After seven months, Bram returned to the Netherlands to finish his studies. He had experienced the specialty coffee industry from several perspectives but kept coming back to the same conundrum: everyone wants to serve transparent coffee and the information to do so is there, but it was not getting across. The supply chain of information was clogged.
This seemed worthy of further investigation, so Bram chose to complete his bachelor thesis on the added value for hospitality managers of transparency through the coffee supply chain. He researched the market and its segments: commercial, certified, specialty. He interviewed roasters, consumers, and importers on their views of transparency in the industry. He graduated cum laude and went back to Nicaragua to work for Expocamo for another season.

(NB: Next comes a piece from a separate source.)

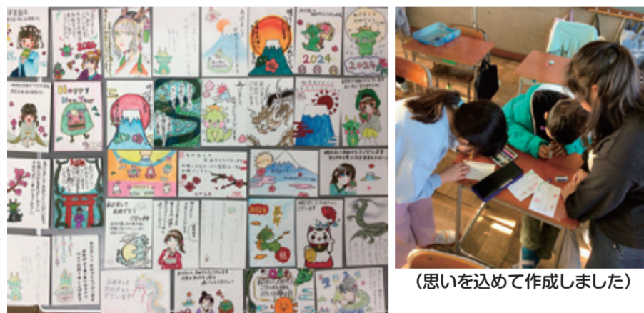
(いろいろな年賀状ができました)

市内福祉協力の小・中学生にご協力いただき、ひとり暮らし高齢者など約200名に心のこもった年賀状を送付しました。

Bram with Expocamo’s Francisco Valle
This time, things were different. The market price was lower and there were more setbacks and pitfalls than the previous harvest. Through these unfortunate circumstances, Bram was able to further understand market dynamics at origin. He also experienced another pole of the industry, serving as a Cup of Excellence judge in Nicaragua and Honduras. Earlier this year, Bram moved from Nicaragua back to Costa Rica, where he will now manage Ally’s Central America buying from an office in San Jose.
Entering into his new role, Bram reflected on the experience he brings and the perspective with which he approaches his sourcing job.
“Now as a buyer, I am coming into the role with a very deep understanding of internal dynamics in origin countries, between the banks, the producers, the exporting companies, the fertilizer companies, the dry mills, the wet mills, and the ports. I know everything that goes into getting a coffee bean from a tree to the port. I have seen how each step affects another step.
I also think it is very important to understand the role of money and cash flow in specialty coffee and its effects at origin. What I value most about Ally Coffee is that we pay 24 hours after receiving documents.
At Expocamo I learned that the coffee industry is not built on 86+ microlots. What I feel is most important is identifying a coffee for what it is and finding a home for that at the best price point possible. It’s about putting each coffee in the market where it belongs. The more that is aligned in the supply chain, with coffees in their appropriate markets, then that is sustainable growth on every level possible.”